Parma 23 settembre 2007 3:29:19;
Parma 14 ottobre 2018      3:29:20.
Una stretta di mano, due risate, un abbraccio sanciscono la fine della volata, come nella migliore delle tradizioni, la medaglia al collo dalle mani del grande Graziano, e poi  qualche attimo per ormeggiare la flotta di pensieri che galleggiano disordinati in balia del tumultuoso mare di endorfine.
L'anno scorso arrivai praticamente sbandando, insieme all'amico Luca incontrato intorno al trentacinquesimo anch'egli in giornata decisamente no, tagliammo insieme il traguardo ben oltre le quattro ore sentenziando con ironia la fine della nostra pseudo carriera podistica con un  bell'alibi confezionato con il conforto dell'anagrafe:"siamo vecchi".
In quell'edizione, quando al trentesimo aprii lo sportello delle riserve energetiche per attingervi quanto necessario per finire la gara, vi trovai giusto un limone di legno, un classico complemento d'arredo per frigoriferi da guru della mala gestione della spesa, in quel caso, energetica.
Ben diverso quest'anno, e non certo per fortuna.
Una preparazione da principiante, dedizione, poche e  mirate trasgressioni alimentari, una lunga estate fatta di corse in solitaria e nessun pettorale, al fine di ritrovare all'appuntamento di ottobre il gusto dell'eterno debutto, questo era l'obbiettivo.

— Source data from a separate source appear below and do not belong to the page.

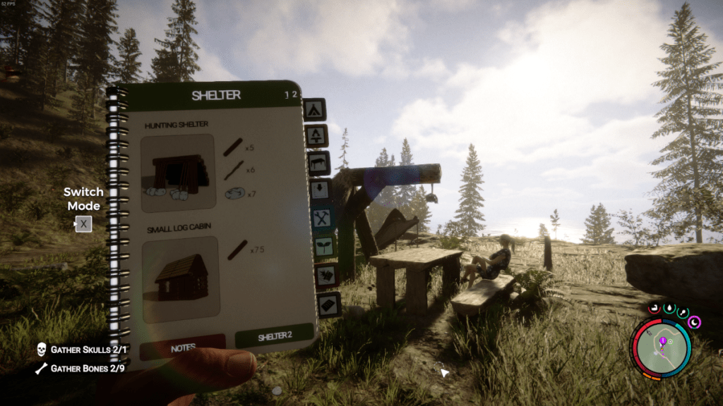 | Hunting Shelter | Upgrade from the basic Tarp Tent, allows a player to save and sleep. | 5 Logs 6 Sticks 7 Rocks |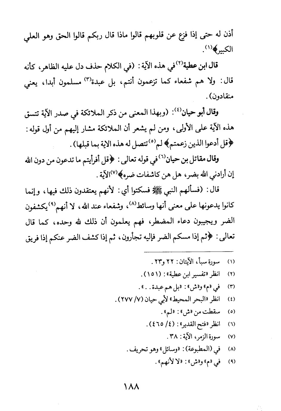 قال ابن عطية (2) في هذه الآية: (في الكلام حذف دل عليه الظاهر، كأنه قال: ولا هم شفعاء كما تزعمون أنتم، بل عبدة (3) مسلمون أبدا، يعنى منقادون) .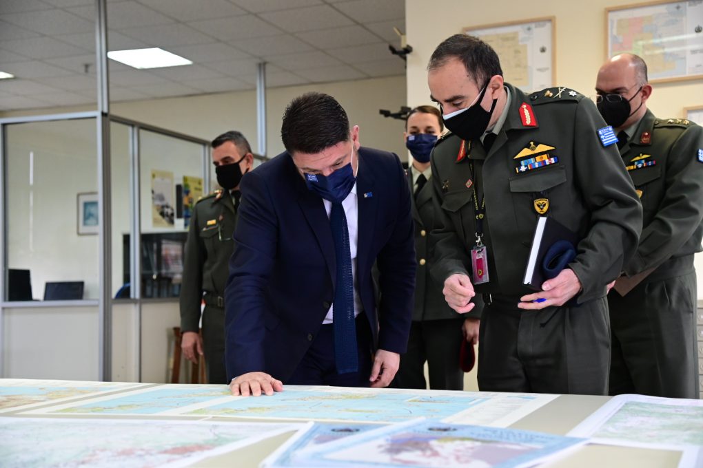 Within the framework of the visit, Mr. Chardalias was briefed by the Commander of the Hellenic Military Geographical Service, Colonel Dimitrios Loisios, on the Service’s history, organisation, mission, activities, geographical products, and scientific – technical work.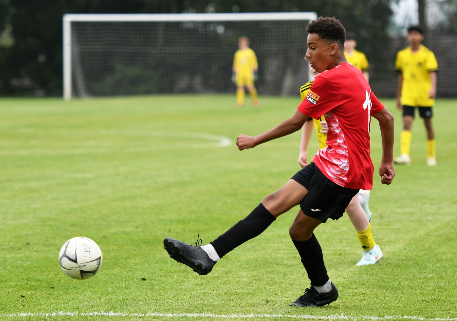 Cruz Smith, Maiden City Academy under-14's, tries a shot at goal.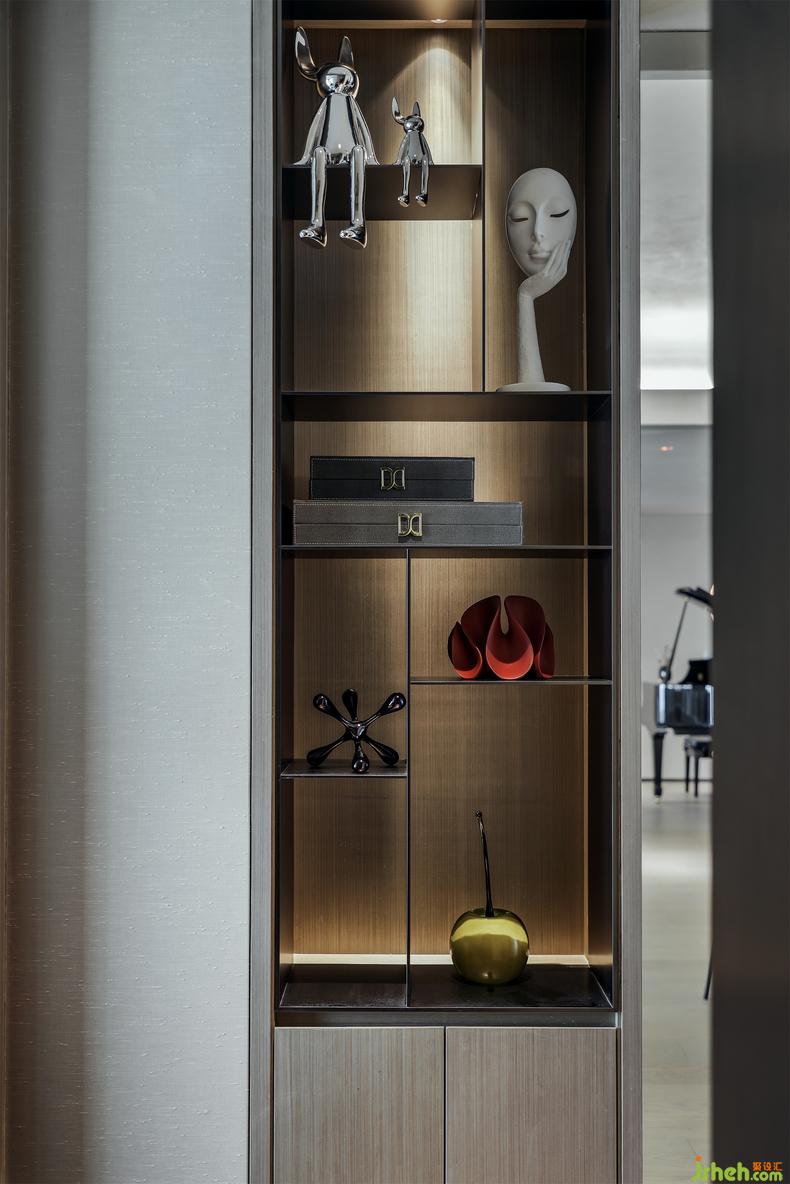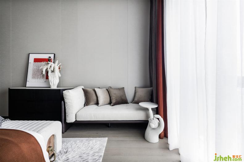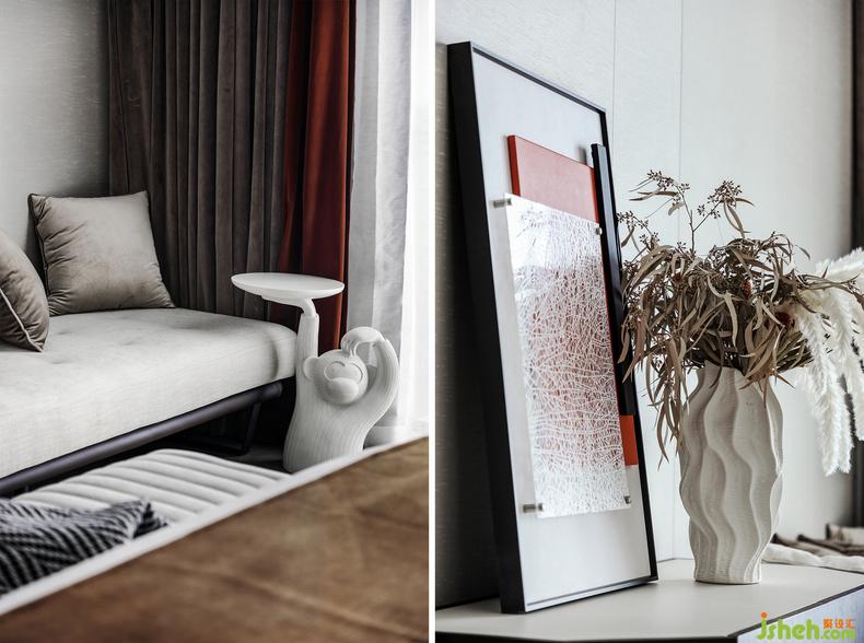 在溫暖柔軟中又加入一些金屬元素,且形狀正好落在地毯圖形上,象征著花開既永恒的優(yōu)雅;邊幾上裝飾一花一畫,以流動(dòng)的紋理對照有序的邊界,波動(dòng)情緒深處,慰藉心靈。

Terza edizione di questa Parma Marathon, la classica giornata perfetta dal punto di vista meteo, ci dirigiamo verso la Cittadella con l'amico Mauro, l'antica fortezza brulica di vita podistica tipica del pre gara e tutto il contesto aiuta ad innalzare il tasso adrenalinico grazie anche  alla scenografia magistralmente approntata dall'organizzazione. Dopo i soliti preparativi eccoci in griglia, ritrovo Elena, la compagna di viaggio sul "pullman del disonore", il mitico Lello, Gabriele 3 - -  si ride di prodezze e di disgrazie podistiche, con tanti altri  c'è solo il tempo di un fugace saluto ma sempre con il piacere di rivedersi in azione. Poi lo sparo, in bocca al lupo, giro d'onore sul pistino, e via fuori dal parco, parata per le vie della Città il gruppo si sgrana dirigendosi verso la periferia, qualche chiacchiera, l'aria fresca del mattino, il sole, mille passi, mille respiri, e lentamente ci si trasforma in tanti Colin Smith.
Alla ricerca del mio passo procedo a vista dei pacer delle 3:30 guidato unicamente dal respiro, devo arrivare alla mezza senza mai superare questa cadenza, ho deciso, poi valuterò la situazione ai trenta e più in là vedremo, la parola d'ordine è "un passo dopo l'altro".
Verso il decimo individuo Luca, mi posiziono alle sue spalle "ma allora hanno riaperto i cancelli delle case di riposo?" una risata accoglie le mie parole, un  rapido riepilogo dei nostri guai e formiamo un trio di parigamba, insieme a Gianluca, procedendo  regolarissimi tra lunghi silenzi e rare parole. La mezza arriva presto, al trio si aggiunge Massimiliano, conosciuto alla B.A.M. 2017 ed ora anche lui in ripresa dopo un infortunio. Non c'è certo il pubblico delle Major lungo il percorso, ma nei centri attraversati il tifo non manca, i più agguerriti sono sempre i bambini, e quando ci si immerge nelle infinite distese di campi  i colori vividi del paesaggio mettono serenità, inoltre a dare ulteriore  carica ci pensano i volontari delle diverse società podistiche impegnate nei ristori. Intanto si entra a Basilicanova, è il trentesimo, nonché classico giro di boa del mio tapasciodromo extra urbano, quest'ultimo tratto di strada si materializza davanti agli occhi, conosco ogni metro, ogni piega dell'asfalto, apro lo sportello delle riserve energetiche e vedo in alto quel vecchio mezzo limone a far da monito, ma anche una discreta provvista da utilizzare con oculatezza e mestiere, più che sufficiente alle mie ambizioni odierne.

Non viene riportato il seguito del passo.